TASK TO COMPLETE » Your output must consist of the records printed verbatim, with the pictures excluded.

Records from a dataset:
# # # # #

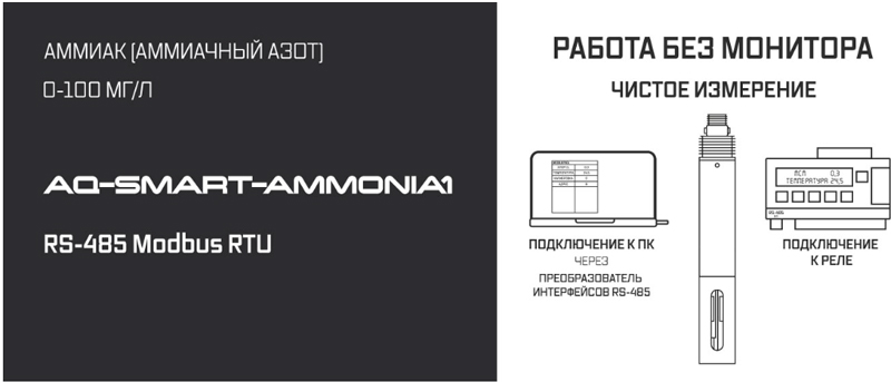 AQUA-LAB AQ-SMART-AMMONIA1 — промышленный электрод для измерения аммиака 0-100mg/l (RS-485)
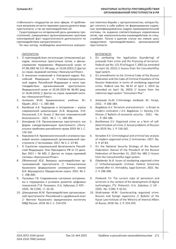 8. Оболенский Ю.Б. Вопросы противодействия организованной преступности // Ученыезаписки Крымского федерального университета имени В.И. Вернадского. Юридические науки. 2021. № 2. С. 296-300.
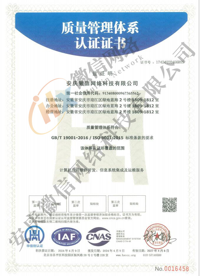 質(zhì)量管理體系證書
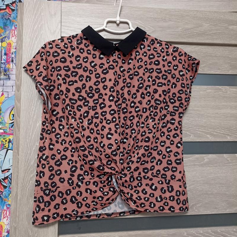 Гарна, якісна блуза на дівчинку. Трендовий принт, підійде на любу подію. Фірма Kiabi. Позаду застібається на гудзик. Зріст 152-158.
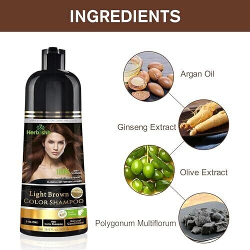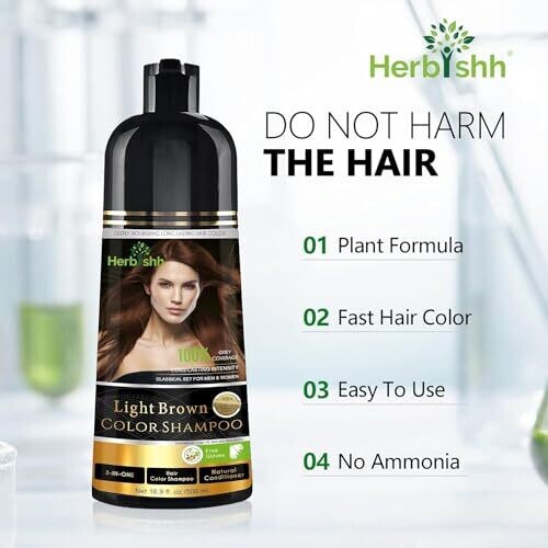 • Herbishh Light Brown Hair Dye Shampoo 500ml 3-In-1 Ammonia-Free Color Grey Hair
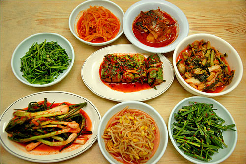 席につくと「テンジャンビビンバ?」と聞かれ、「ネー」と言うとすぐにおかず類が運ばれて来ました。

# # # # #

SOLVED PROBLEM »
 AQUA-LAB AQ-SMART-AMMONIA1 — промышленный электрод для измерения аммиака 0-100mg/l (RS-485)
 8. Оболенский Ю.Б. Вопросы противодействия организованной преступности // Ученыезаписки Крымского федерального университета имени В.И. Вернадского. Юридические науки. 2021. № 2. С. 296-300.
 質(zhì)量管理體系證書
 Гарна, якісна блуза на дівчинку. Трендовий принт, підійде на любу подію. Фірма Kiabi. Позаду застібається на гудзик. Зріст 152-158.
 • Herbishh Light Brown Hair Dye Shampoo 500ml 3-In-1 Ammonia-Free Color Grey Hair
 席につくと「テンジャンビビンバ?」と聞かれ、「ネー」と言うとすぐにおかず類が運ばれて来ました。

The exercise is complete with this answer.